For many, many test teams, we hear that they don’t typically test on more than one configuration. This is a big departure from what we at Microsoft are used to. Obviously we have many operating system versions including languages, versions of IE, versions of Office, etc. We’re used to dealing with testing on many platforms because of the configuration matrix.

So for testing teams that don’t use different configurations, we are here to make your life as simple as possible. There’s no reason to make your life harder than it has to be. For you, we have an out of the box, default configuration. You can edit it if you want, or just ignore it entirely. Go on about your testing, and don’t worry about configs.

For all the poor souls who do need to test on multiple configurations, we haven’t forgotten you either. We use MTLM ourselves, so it must meet our own needs too.

Creating configurations is fairly straight forward. First, you visit the Test Configuration Manager (in Organize), and open the Edit Test Variables dialog. In here you can define the different factors you will have variations in, such as OS, Browser, language, etc. Then for each factor, define the variations in the right pane. Then you go back to the manager and begin defining test configurations. Give it a descriptive title, and then add the relevant factors to the grid at the bottom, giving each the correct value. This will be helpful later in reporting where you can look for test result trends across the factors rather than simply reporting on each independent configuration.
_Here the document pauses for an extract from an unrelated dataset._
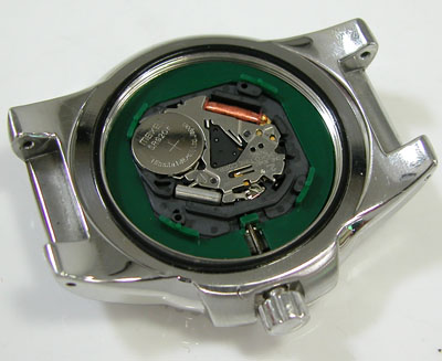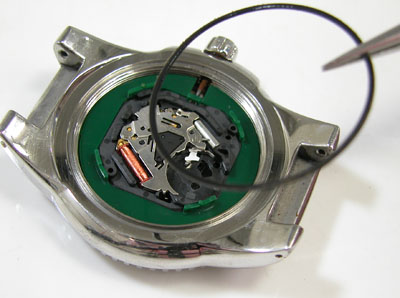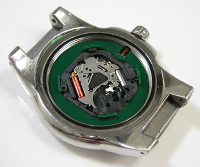 綺麗になったケースにムーブメントを戻して電池格納部をチェックします。

Setting a test configuration as a default for the project

The other important value on a test config is whether it is the default for new test plans. If it is set to default, whenever a new test plan is created it will automatically include those configs. Yes, you can remove project defaults from your plan, and add non-defaults. The goal for the person defining the test config project defaults is to make sure new plans have the configs you expect.

Setting the default configs on a test plan

Test config defaults on the plan are automatically applied to test cases added to the plan. In Test Plan Properties, you’ll find a test configuration selector where this is specified. Again this is meant to make your life easier, so plan ahead and make sure you have the configs set up on your plan before test cases are added. If you get it wrong, don’t worry, you can change configurations applied to test cases after the fact.
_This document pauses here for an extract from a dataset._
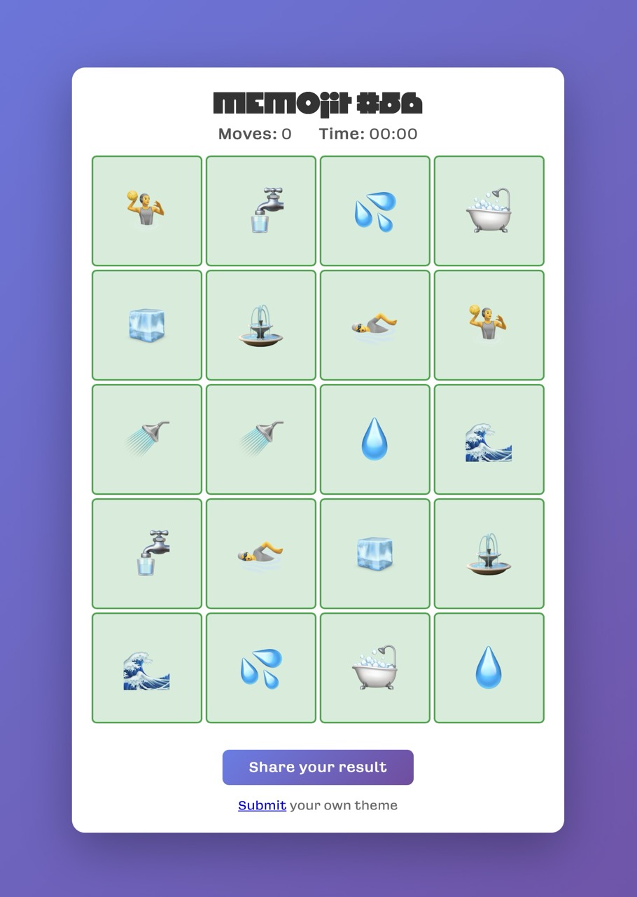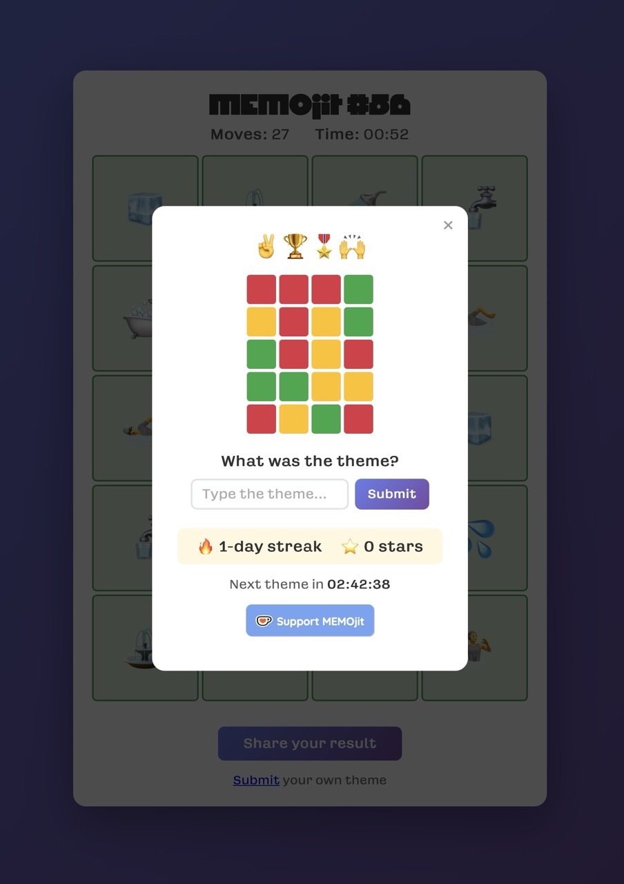 Designed and built a little daily game, à la Wordle, but to exercise one's memory. Players get to guess the theme of each day's puzzle for extra kicks. The gradients change every day, but the logo, made with Megazoid by David Jonathan Ross that gives the whole an arcade feel never changes.

There’s yet another level of ways to scope defaults. We’ve already talked about project-level defaults, test plan defaults, and now we’ll introduce test suite level defaults. Any new suite in the plan will inherit from the parent. That can be changed so that all test cases add to it get a different set of configs applied. In the suite header in Test Plan Contents, look for a drop down next to the label that says ‘Test configurations (x):’.
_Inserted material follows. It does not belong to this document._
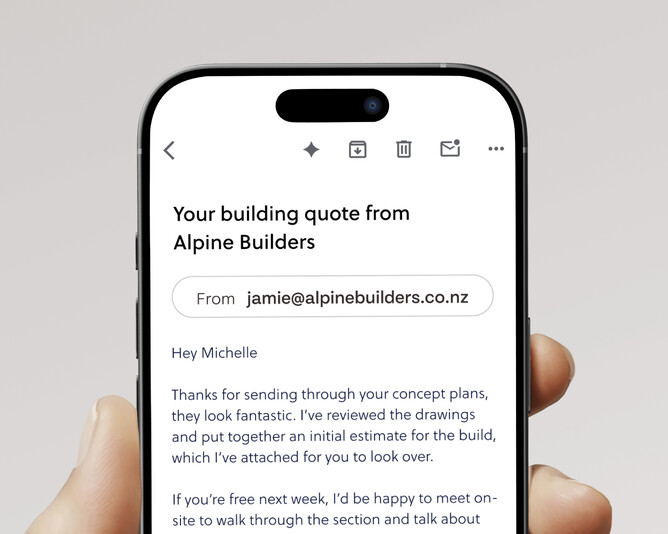 Your email address might seem like a tiny detail, but it can make a big difference to how people see your business. Imagine sending a quote for a job or an invoice as a building company with jamie_buildz48383@hotmail.com on it instead of jamie@alpinebuilders.co.nz. Which one do you think feels more trustworthy?

Setting default configs on a test suite

Finally, test cases can be changed independently of the plan and suite. Just select the test cases in question, and click the Configurations button in Test Plan Contents.

Setting configurations on individual test cases

One last thing, when you are looking at test cases in the suites in the Test Plan Contents activity, you’ll see one instance of the test case. However, since many configurations can be applied to that once instance of the test case in the suite, these entries will be multiplied when they are viewed in the Run Tests activity. This is because the test case needs to be run multiple times, and selected independently from the other instances so they can be run with other similar configs. To assist in that work flow, you can use the Filter button on the Run Tests suite tree view toolbar to only show a specific config. Now you can focus on testing just on that one config, then change the filter later when you are ready to move onto another config.